As offshore exploration moves into ultra-deepwater, the demands placed on accurate hydrocarbon measurement with minimal maintenance, space and weight requirements become increasingly greater. In addition to weight and space restrictions, a number of other factors highlight the importance of accuracy in these measurements:
- Capital expense spending and production operation expense budgets are increasingly tight.
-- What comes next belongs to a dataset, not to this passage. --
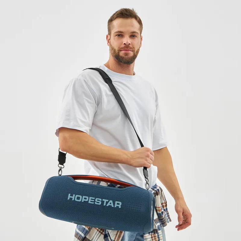 Колонка Hopestar A60 - это стильная и мощная новинка от бренда качественных Bluetooth колонок с великолепным, насыщенным звучанием. Модель Hopestar A60 выполнена из прочного пластика с Soft Touch покрытием, а лицевая часть и динамики надежно защищены синтетической тканью, а кнопки управления прорезинены и нажимаются с отчетливым кликом.
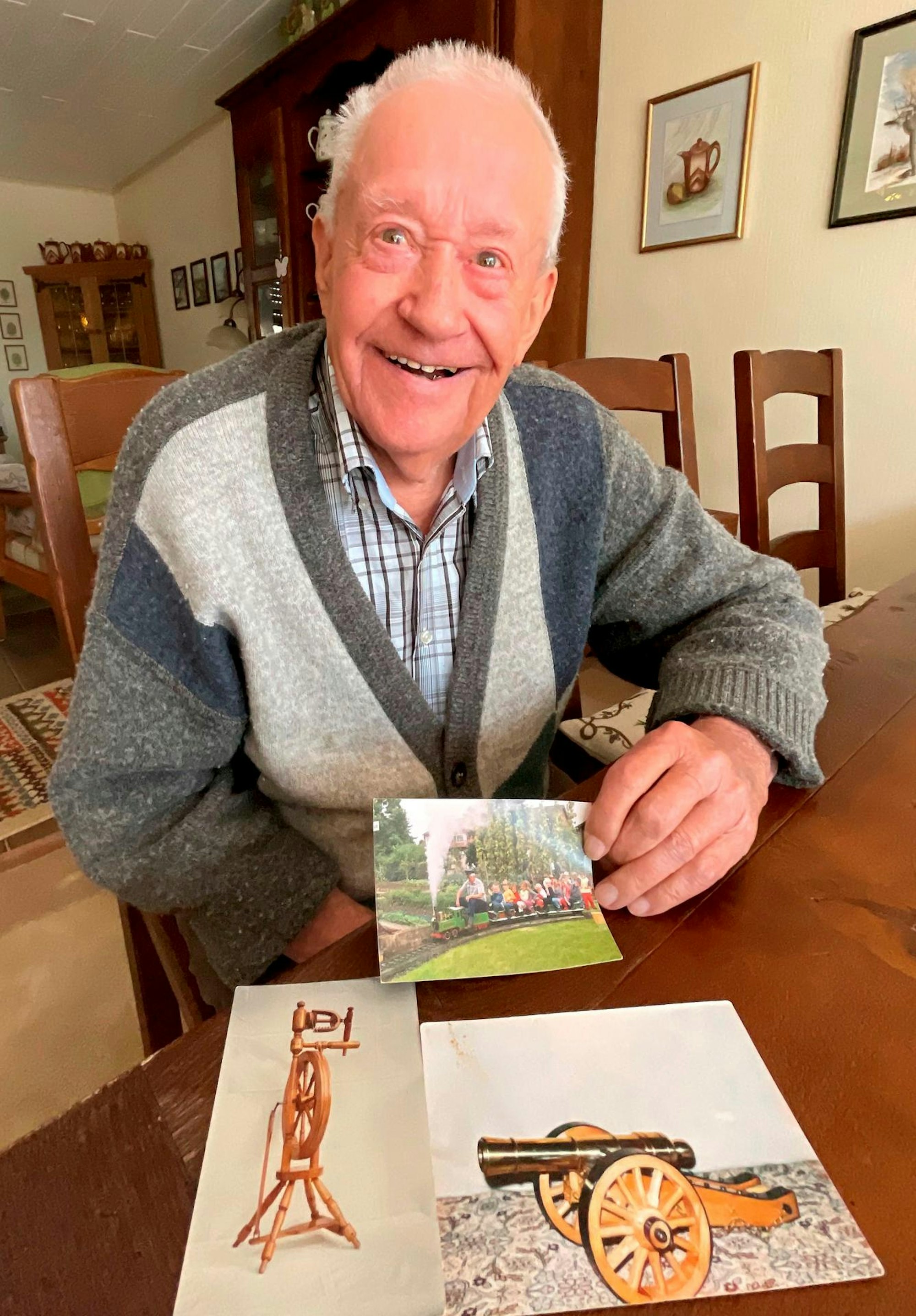 „Ständig wurde ich an neuen Orten eingesetzt. Mir war das zu viel, ich wollte wechseln“, berichtet der Jubilar. So fing er mit 38 bei Shell in Godorf an, wo er 24 Jahre arbeitete. Nach seiner Pensionierung kam keine Langeweile auf. Er formte, drechselte, feilte: Miniaturkanonen genauso wie Spinnräder.

- Environmental health and safety requirements are on the rise.
- It is increasingly important for oil companies to maintain a greener image.
These financial, governmental, and technical challenges, coupled with high flow rates, have enhanced the development and application of new technologies. These include ultrasonic gas and liquid meters, multiphase flow meters, microwave and near infrared water-cut analyzers, coriolis flow meters for oil and gas, and compact orifice meter tubes using isolating flow conditioners, and liquid meter provers.
This article will provide guidelines for selecting, installing, and operating such equipment with the goal of insuring cost-effective designs, reliable operation, and a high degree of accuracy. Emphasis will be placed on the decision process of selecting, installing, and commissioning metering equipment, reflecting the author's project design background.
Nearly every E&P project group responsible for the design, engineering, and fabrication of an offshore production platform goes through a decision process whereby conventional measurement equipment is compared to alternative equipment - based on space and weight requirements. Traditional equipment in this context refers to orifice meters for gas sales, and pipe provers for liquid turbine/displacement meter calibration.
The project group's responsibility to reduce capex (capital expenditures) by installing compact metering must be balanced by operational factors such as reliability or mean time between failure (MTBF), which translates to opex (operating expenditures). Other key considerations are safety, governmental and contractual requirements, and approval of interested parties such as partners, purchasers, and pipeline operators.
Regardless of country location, depth of water or fluid application (oil or gas field) there is often a strong argument for the use of a multiphase flow meter (MPFM) for well testing and/or allocation. The primary advantage of MPFM over conventional separators and associated metering equipment is the reduction of topsides weight and space. Vendors offer volumes of information to support the installation of MPFM in various applications.
Engineering studies have shown that "alternative metering concepts (multipath ultrasonic meters for gas and compact provers for liquids) with the same accuracy of today's conventional concepts, might reduce space and weight by more than 50% compared to present layouts," states Nil-Rik Hannisdal (See Hannesdal, N.) "The total cost savings might be twice the actual procurement cost of the metering skid."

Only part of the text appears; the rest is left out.